The favorable characteristics of F-SiFAlin-TATE with a high image quality, the kit-like labeling procedure, and the promising clinical performance enable improved logistics and diagnostic possibilities for PET imaging of NET. Our first clinical results warrant further systematic studies investigating the clinical use of F-SiFAlin-TATE in NET patients.
使用镓标记的生长抑素类似物(SSA)靶向分化良好的神经内分泌肿瘤(NET)细胞表面的生长抑素受体(SSR)的PET/CT是成像的临床参考标准。然而,基于锗/镓发生器方法的经济和后勤挑战使其相对于氟标记化合物存在劣势。在此,我们展示了新型氟标记的、靶向SSR的肽F-SiFAlin-TATE的首例人体数据。目的是比较F-SiFAlin-TATE与临床参考标准镓-多胺基多羧基-奥曲肽(Ga-DOTA-TOC)的个体内生物分布、肿瘤摄取及图像质量。
本回顾性分析纳入了13例接受过Ga-DOTA-TOC和F-SiFAlin-TATE PET/CT检查的NET患者。我们通过测量示踪剂的SUVmean和SUVmax来比较正常器官中的生物分布以及NET病变的肿瘤摄取情况。此外,通过将肿瘤病变的SUVmean和SUVmax分别除以肝脏和脾脏的SUVmean,计算出平均和最大肿瘤与肝脏(TLR)及肿瘤与脾脏的比率(TSR)。另外,由5名不知情的阅片者对图像质量进行视觉评分,并对观察者间的一致性进行组内相关系数(ICC)分析。

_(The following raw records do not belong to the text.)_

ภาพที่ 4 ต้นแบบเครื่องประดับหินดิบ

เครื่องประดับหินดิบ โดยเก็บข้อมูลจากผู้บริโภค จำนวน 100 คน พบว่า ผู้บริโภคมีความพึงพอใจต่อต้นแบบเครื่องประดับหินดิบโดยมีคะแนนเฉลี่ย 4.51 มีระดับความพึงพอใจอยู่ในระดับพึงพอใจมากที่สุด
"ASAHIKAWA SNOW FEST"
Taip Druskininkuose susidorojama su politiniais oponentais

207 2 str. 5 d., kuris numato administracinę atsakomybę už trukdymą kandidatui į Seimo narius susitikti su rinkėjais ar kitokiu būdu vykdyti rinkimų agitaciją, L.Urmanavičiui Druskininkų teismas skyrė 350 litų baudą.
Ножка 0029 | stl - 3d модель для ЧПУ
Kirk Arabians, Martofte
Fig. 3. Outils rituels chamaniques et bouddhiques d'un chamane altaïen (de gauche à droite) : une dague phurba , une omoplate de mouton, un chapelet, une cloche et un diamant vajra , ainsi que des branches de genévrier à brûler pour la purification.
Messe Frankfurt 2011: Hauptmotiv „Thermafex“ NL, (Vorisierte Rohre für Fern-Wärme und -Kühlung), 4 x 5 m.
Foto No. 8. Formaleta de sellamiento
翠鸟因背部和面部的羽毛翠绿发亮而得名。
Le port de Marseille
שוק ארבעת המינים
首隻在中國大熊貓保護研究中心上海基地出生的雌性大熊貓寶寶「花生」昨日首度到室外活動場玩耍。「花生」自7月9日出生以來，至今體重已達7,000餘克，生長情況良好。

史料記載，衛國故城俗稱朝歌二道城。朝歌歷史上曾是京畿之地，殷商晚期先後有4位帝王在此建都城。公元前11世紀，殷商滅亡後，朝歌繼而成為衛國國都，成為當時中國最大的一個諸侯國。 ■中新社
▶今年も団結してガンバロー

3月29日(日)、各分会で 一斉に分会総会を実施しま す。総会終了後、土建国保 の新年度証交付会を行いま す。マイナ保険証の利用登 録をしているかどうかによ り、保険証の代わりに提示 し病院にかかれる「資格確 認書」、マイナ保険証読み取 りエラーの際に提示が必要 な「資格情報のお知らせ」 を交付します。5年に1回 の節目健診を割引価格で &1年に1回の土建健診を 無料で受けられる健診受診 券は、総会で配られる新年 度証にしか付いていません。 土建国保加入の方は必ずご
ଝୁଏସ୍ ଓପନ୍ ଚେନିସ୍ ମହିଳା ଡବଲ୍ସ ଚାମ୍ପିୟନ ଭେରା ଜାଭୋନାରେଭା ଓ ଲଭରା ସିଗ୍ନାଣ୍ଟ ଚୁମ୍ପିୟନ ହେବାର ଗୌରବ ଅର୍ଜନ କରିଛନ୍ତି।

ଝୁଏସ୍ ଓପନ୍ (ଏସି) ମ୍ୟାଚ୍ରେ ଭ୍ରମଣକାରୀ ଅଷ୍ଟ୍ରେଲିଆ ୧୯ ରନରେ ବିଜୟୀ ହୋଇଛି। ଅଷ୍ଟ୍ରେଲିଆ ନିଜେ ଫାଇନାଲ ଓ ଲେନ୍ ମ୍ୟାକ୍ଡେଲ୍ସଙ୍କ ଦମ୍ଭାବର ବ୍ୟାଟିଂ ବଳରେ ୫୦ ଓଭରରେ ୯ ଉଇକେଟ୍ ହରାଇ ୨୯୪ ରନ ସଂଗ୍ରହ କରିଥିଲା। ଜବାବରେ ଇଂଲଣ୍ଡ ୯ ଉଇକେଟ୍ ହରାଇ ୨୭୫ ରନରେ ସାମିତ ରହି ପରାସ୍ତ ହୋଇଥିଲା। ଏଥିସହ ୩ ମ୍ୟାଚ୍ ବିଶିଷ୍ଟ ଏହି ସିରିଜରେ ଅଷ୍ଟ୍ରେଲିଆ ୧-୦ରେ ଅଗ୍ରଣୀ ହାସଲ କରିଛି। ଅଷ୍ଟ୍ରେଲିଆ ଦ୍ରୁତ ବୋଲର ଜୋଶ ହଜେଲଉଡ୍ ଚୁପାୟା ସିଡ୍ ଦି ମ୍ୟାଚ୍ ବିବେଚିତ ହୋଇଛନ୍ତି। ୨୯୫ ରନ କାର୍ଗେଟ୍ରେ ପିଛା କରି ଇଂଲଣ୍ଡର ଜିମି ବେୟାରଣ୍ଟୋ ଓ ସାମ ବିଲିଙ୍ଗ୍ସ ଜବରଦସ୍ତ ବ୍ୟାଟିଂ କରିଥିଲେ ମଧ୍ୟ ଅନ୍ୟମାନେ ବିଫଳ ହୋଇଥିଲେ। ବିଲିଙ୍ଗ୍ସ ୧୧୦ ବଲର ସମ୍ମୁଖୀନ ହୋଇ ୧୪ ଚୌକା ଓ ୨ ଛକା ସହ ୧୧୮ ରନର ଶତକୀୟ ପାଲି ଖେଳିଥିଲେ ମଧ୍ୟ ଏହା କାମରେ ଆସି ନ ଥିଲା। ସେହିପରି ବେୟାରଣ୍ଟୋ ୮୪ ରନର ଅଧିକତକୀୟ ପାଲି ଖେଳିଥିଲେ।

与Ga-DOTA-TOC相比,F-SiFAlin-TATE的生物分布在肝脏、脾脏和肾上腺中的摄取略高,但在统计学上无显著差异。在肾脏中观察到摄取显著更高。大多数肿瘤病变中的肿瘤摄取更高,在NET常见转移部位包括肝脏(SUVmax 18.8±8.4 vs. 12.8±5.6;p<0.001)、淋巴结(SUVmax 23.8±20.7 vs. 17.4±16.1;p<0.001)和骨骼(SUVmax 16.0±10.1 vs. 10.3±5.7;p<0.01)中,F-SiFAlin-TATE的摄取显著更高。高肿瘤摄取导致了良好的TLR和TSR,与Ga-DOTA-TOC相当。对图像质量观察者间一致性的ICC分析显示一致性程度较高且几乎完美。在Ga-DOTA-TOC和F-SiFAlin-TATE PET的大多数情况下,图像质量被评为优秀。
F-SiFAlin-TATE具有良好的特性,包括高图像质量、试剂盒样标记程序以及有前景的临床性能,这使得NET的PET成像在后勤保障和诊断可能性方面得到改善。我们的首例临床结果值得进一步开展系统研究,以探究F-SiFAlin-TATE在NET患者中的临床应用。